We estimate that when the entire plasma proteome is analyzed on a series of 2D gels, we are going to see at least 4,000 spots. By the Protein Array Pixelation approach, in our initial attempt, we saw slightly more than 700 proteins, but feel that this can be further optimized and many more protein identifications are feasible. We think as in many LC-MS/MS methods, a few of those protein identifications are not accurate and it requires further validation. At the same time, we now have a more sensitive mass spectrometer, and we’re pursuing enhancements of our methods that will further increase the number of proteins we can identify. So how many proteins we can ultimately identify by this technique we’re not sure, but we anticipate several thousand.
Would it make sense to develop another column to take away the next six most proteins, or is that a never-ending cycle?

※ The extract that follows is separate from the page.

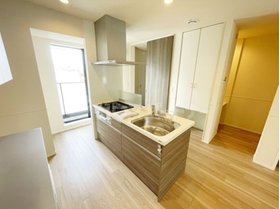 | キッチン | ガスコンロ対応、システムキッチン、2口コンロ、3口以上コンロ、アイランドキッチン、都市ガス |
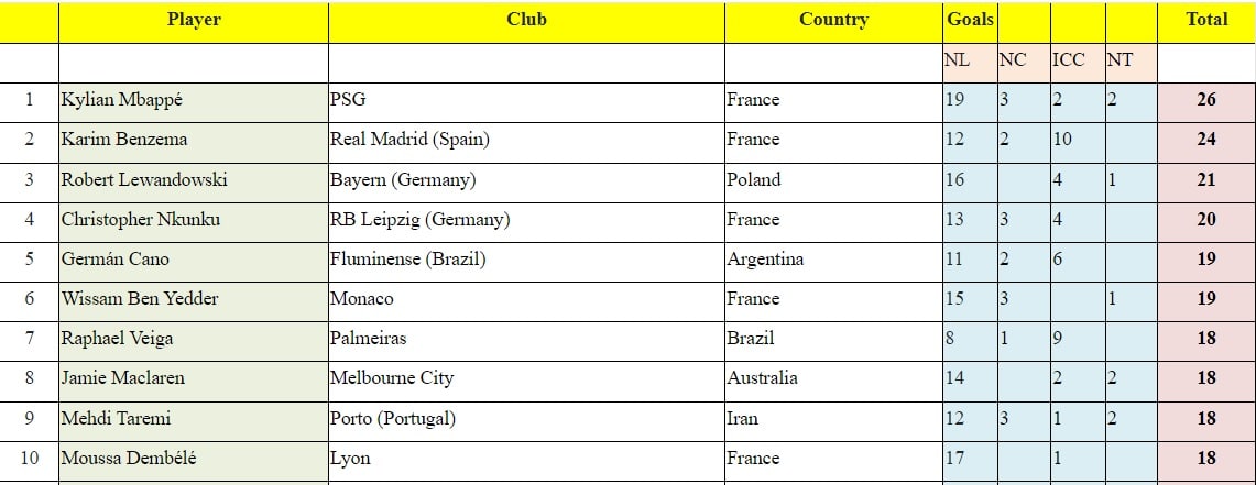 در این ردهبندی که بر اساس شمارش همه گلهای زده بازیکنان در سطح بزرگسالان(ملی و باشگاهی) صورت گرفته، روبرت لواندوفسکی ستاره لهستانی بایرن مونیخ با ۲۱ گل زده در رده سوم قرار دارد و کریستوفر انکوکو بازیکن فرانسوی لایپزیک با ۲۰ گل در رده چهارم حضور دارد. ژرمن کانو بازیکن آرژانتینی فلومیننزه برزیل و ویسام بنیدر مهاجم فرانسوی موناکو با ۱۹ گل زده پنجم و ششم هستند. رافائلویگا بازیکن برزیلی پالمیراس، جیمی مک لارن بازیکن استرالیایی ملبورن سیتی و همچنین مهدی طارمی مهاجم ایرانی پورتو نیز هرکدام ۱۸ گل زده دارند و رده های هفتم و هشتم و نهم را به خود اختصاص دادند. همچنین موسی دمبله بازیکن فرانسوی لیون هم در رده دهم قرار گرفته است.

We’ve discussed this with Agilent and I think they’ve probably gotten similar feedback from others as well. They’re actually pursuing removing some of the additional proteins. How many they’re going to remove and how successful they’re going to be remains to be seen of course, but there are a number of publications describing the plasma proteome that point out that approximately 22 proteins account for 99 percent of the total protein mass. So if we can remove the top six successfully, there is perhaps hope that we can remove the top 22, which leaves us with the 1 percent that we really care about. It clearly is going to get us down a number of orders of magnitude over no protein depletion.

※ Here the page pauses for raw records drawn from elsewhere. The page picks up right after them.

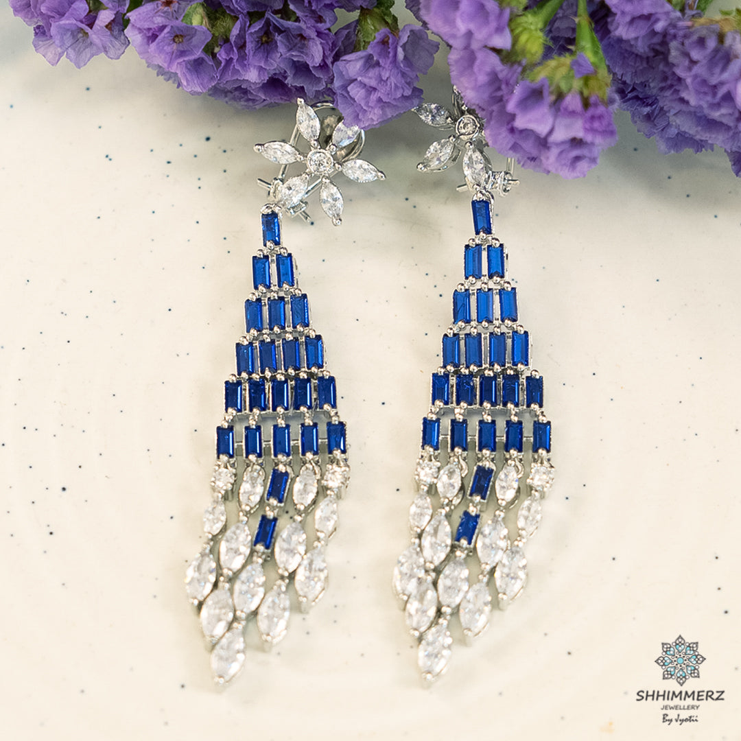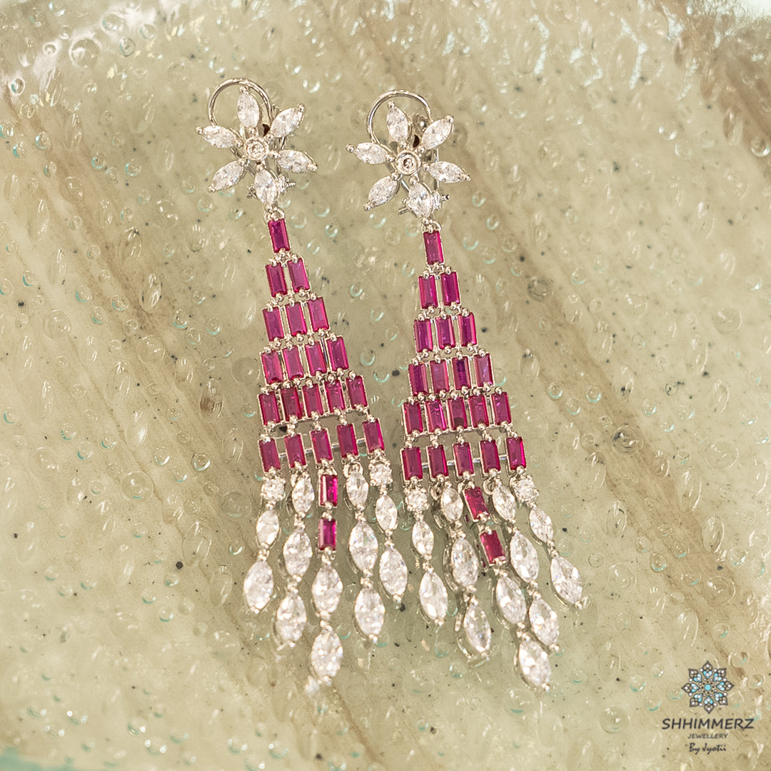 These earrings feature a glamorous and elegant design. At the top, a delicate floral motif with sparkling white stones serves as the stud. Hanging below, a cascading pyramid of rectangular pink stones leads to shimmering marquise-cut white stones, creating a graceful, chandelier-like effect. Perfect for festive occasions or evening wear, these earrings combine vibrant colour with timeless sparkle, exuding luxury and sophistication.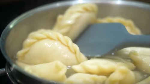 Відваріть заготовки в підсоленій воді. Після закипання обов’язково розмішайте вареники, піднявши із дна (вони можуть прилипнути). У воду раджу додати перець, лавровий лист, але це не обов’язково. Готуйте вареники після закипання 5-7 хвилин.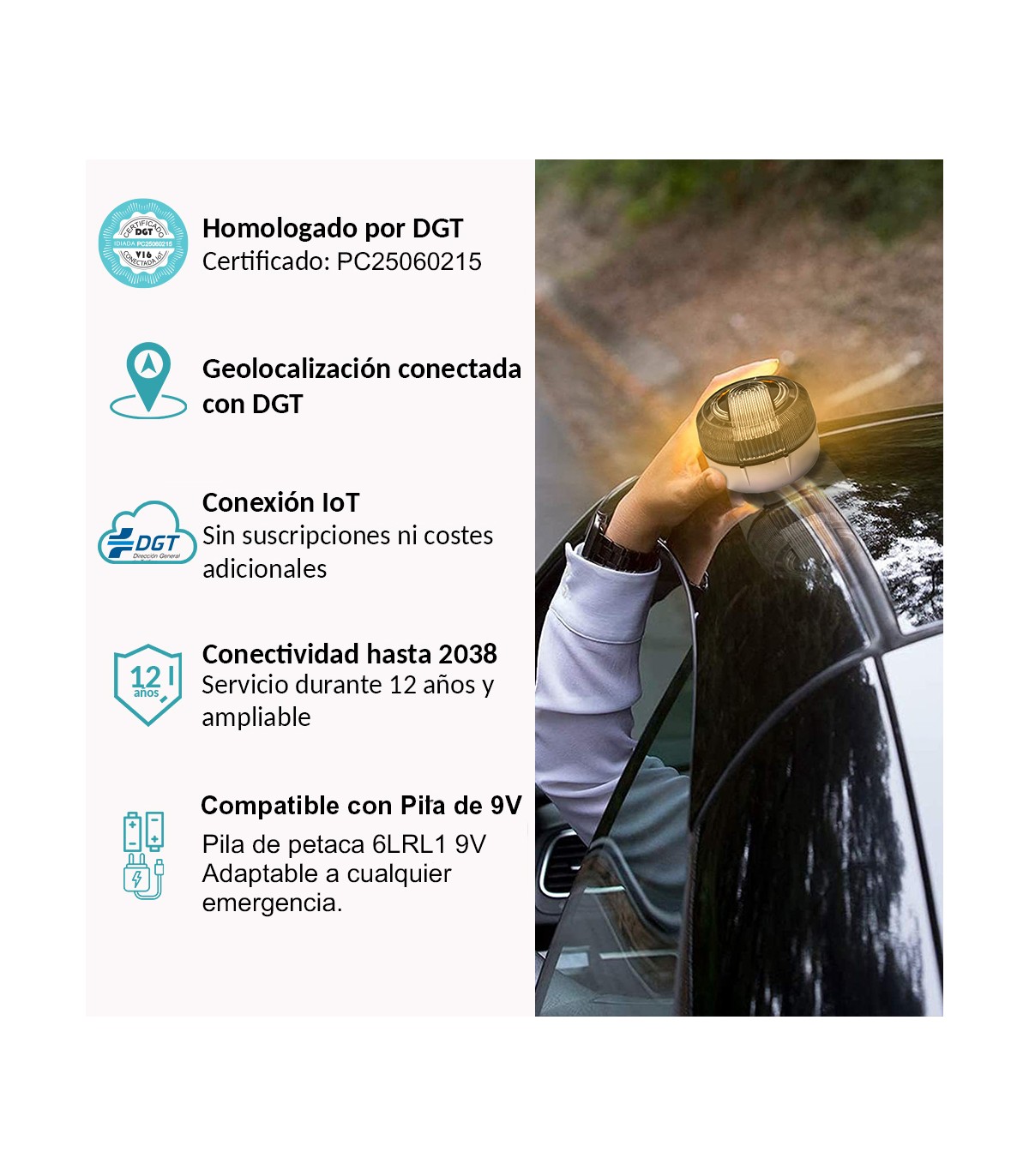 O farol V16 com tecnologia de geolocalização será o único dispositivo legal de pré-sinalização de perigo. Substitui os triângulos de emergência, cumprindo as normas de segurança rodoviária exigidas pela DGT atualmente e as que serão obrigatórias a partir de 1 de janeiro de 2026.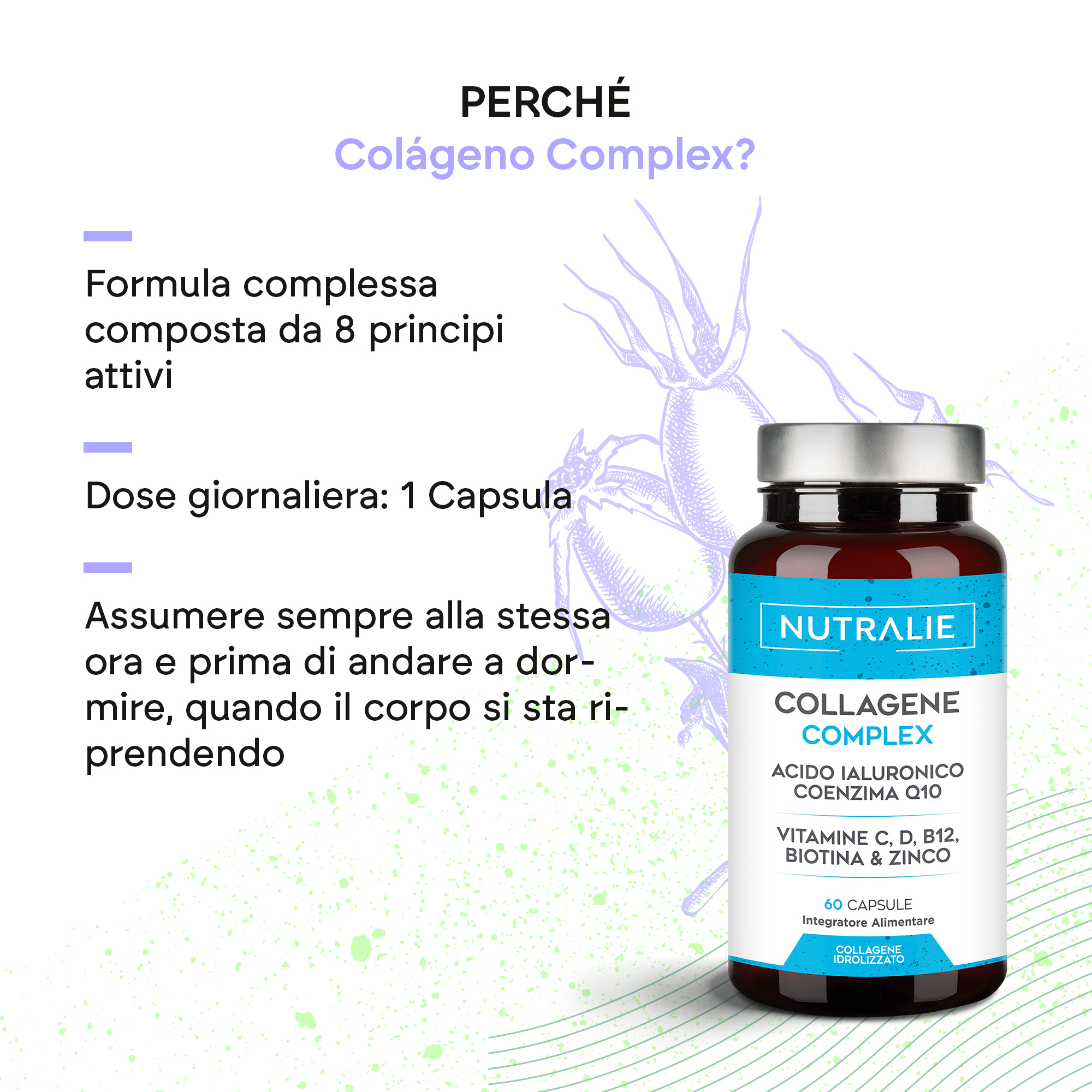 Nutralie Collagen Complex contiene 370 mg di collagene idrolizzato per capsula. Il prodotto contiene anche vitamine C, D e B12, biotina, zinco, coenzima Q10 e acido ialuronico.

What do you think about the idea put forth by Thomas Conrads that some potential biomarkers are attached to high-abundance proteins, which act as molecular sponges (see PM 10-17-03, 11-28-03)?
I think there’s a lot of merit to it. There are two types of questions. One is, ‘let’s remove the big proteins as efficiently as possible so we can identify those small ones’; the other is, ‘let’s look specifically at the proteins that are bound and see if there is some physiological method there,’ which is clearly what Conrads is doing. Since they’re pursuing that, I don’t think there’s a lot of advantage to our pursuing it. What I see with the Agilent column is that they seem to have done a good job of coming up with conditions where they retain good binding to the antibody and are minimizing protein-protein interactions.
So I think the molecular sponge theory is an exciting one, [but] the Agilent column to our first approximation seems to be removing that interaction. If you’re trying to get as many of your biomarkers as possible into one pool for further analysis, which is what we’re doing, it’s a promising approach.